Redis Pub/Sub — Real-Time Agent Triggers
Replace sequential HTTP calls with Redis publish/subscribe events. Each agent subscribes to its trigger channel — faster, non-blocking, and allows multiple agents to work in parallel. Add redis:alpine to docker-compose.
Next.js Dashboard — Visualize Agent Outputs
Add a Next.js frontend service that reads state.json + Postgres, showing live agent activity, loop counts, review scores per iteration, and final artifacts. Connects to the AI Shop dashboard you're reading now.
Task Graphs Instead of Linear Flows
Replace the linear Research→Build→Review chain with a DAG (directed acyclic graph) of tasks. Parallel sub-tasks — e.g., Perplexity researches API docs while Gemini reads existing codebase — then Manus merges both. Add a planner agent that generates the graph from the goal.
Git Auto-Commit Agent
Add a lightweight git worker that commits implementation.py after each successful review (score ≥ 8). Message includes agent, score, and iteration count:
feat(manus): impl v3 · judge 9/10. Full audit trail of the build loop.Evaluation Agent Swarm — Multiple Judges
Run 3+ judge workers in parallel (Claude, Gemini, GPT-4o as critics), aggregate their scores. Average score ≥ 8 triggers completion. Eliminates single-judge bias and produces richer review.md with multi-perspective feedback for Manus to revise against.

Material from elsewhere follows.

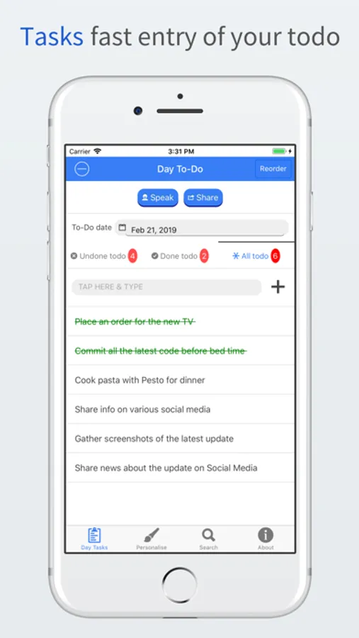 My Day To-Do Lite is a simple to use to-do list app with NO SIGN-UP and FAST TO-DO ENTRY and the following features

Agent Roles — Planner / Executor / Verifier
Add a Planner agent (Claude) that breaks the goal into sub-tasks before Manus executes them. Add a Verifier agent (Codex) that runs tests on the implementation before it reaches the Judge. Three distinct roles prevent the Executor from trying to do everything.
Self-Healing Loops — Retry with Modified Prompts
If Manus fails to improve (score doesn't go up after 2 revisions), the orchestrator automatically modifies the build prompt — adds constraints from review.md, changes the framing, reduces scope. Prevents infinite loops on intractable tasks.